Si le mécanisme d’action de ce gaz est encore incomplètement compris, chez l’homme, à forte concentration et exposition prolongée il peut entraîner des perturbations gastro-intestinales, ainsi que des œdèmes pulmonaires après 12 à 24 heures, et une pneumonie chimique peut également se produire après 24 heures.

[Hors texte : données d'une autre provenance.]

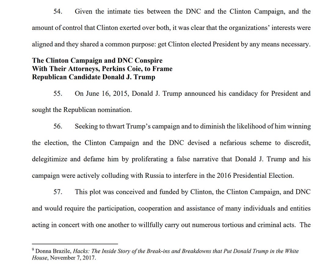 The case they cooked up was a manic stringboard, alleging a racketeering conspiracy between the Clinton campaign, the Democratic National Committee, and the “Deep State” FBI. They were all in on a dastardly plot to publicize the Steele dossier, gin up the Russia investigation, and ruin Trump.

Nous avons donc affaire à un composé extrêmement toxique pour des organismes de faible masse corporelle qui peuvent être contaminés, soit par inhalation, soit par ingestion d’aliments contaminés soit, comme pour les amphibiens par contact avec la peau. Depuis deux semaines, tous les niveaux trophiques de la faune sont confrontés à une accumulation de déchets toxiques qu’ils vont absorber d’une manière ou d’une autre, contaminant l’ensemble de la chaîne. Chez les oiseaux dont même les espèces granivores nourrissent leur jeunes avec des insectes, cette contamination est d’autant plus dramatique qu’elle intervient en pleine période de reproduction et risque de compromettre la survie des juvéniles. Enfin le sol de Notre Dame, particulièrement humide, accumule ainsi des polluants qui seront dirigés dans bien des situations vers les fossés, les ruisseaux et les mares.

Chimique mais pas que … :

Les grenades de désencerclement utilisées en surabondance (en dehors de leur doctrine d’emploi réglementaire bien circonstanciée de ce que nous en savons) sont une autre cause possible de mortalité ou de blessure : en effet ces grenades projettent des plots en caoutchouc (18) et des résidus métalliques (voir les nombreuses blessures relevées par les équipes médicales de la ZAD) dans un rayon de 10 m autour de l’impact. Pire encore, leur onde de choc génère un impact sonore qui dépasse les 150 dB ! En outre, les effets dépressifs de certains types de grenade sont susceptibles d’affecter les chauves-souris présentes dans les boisements.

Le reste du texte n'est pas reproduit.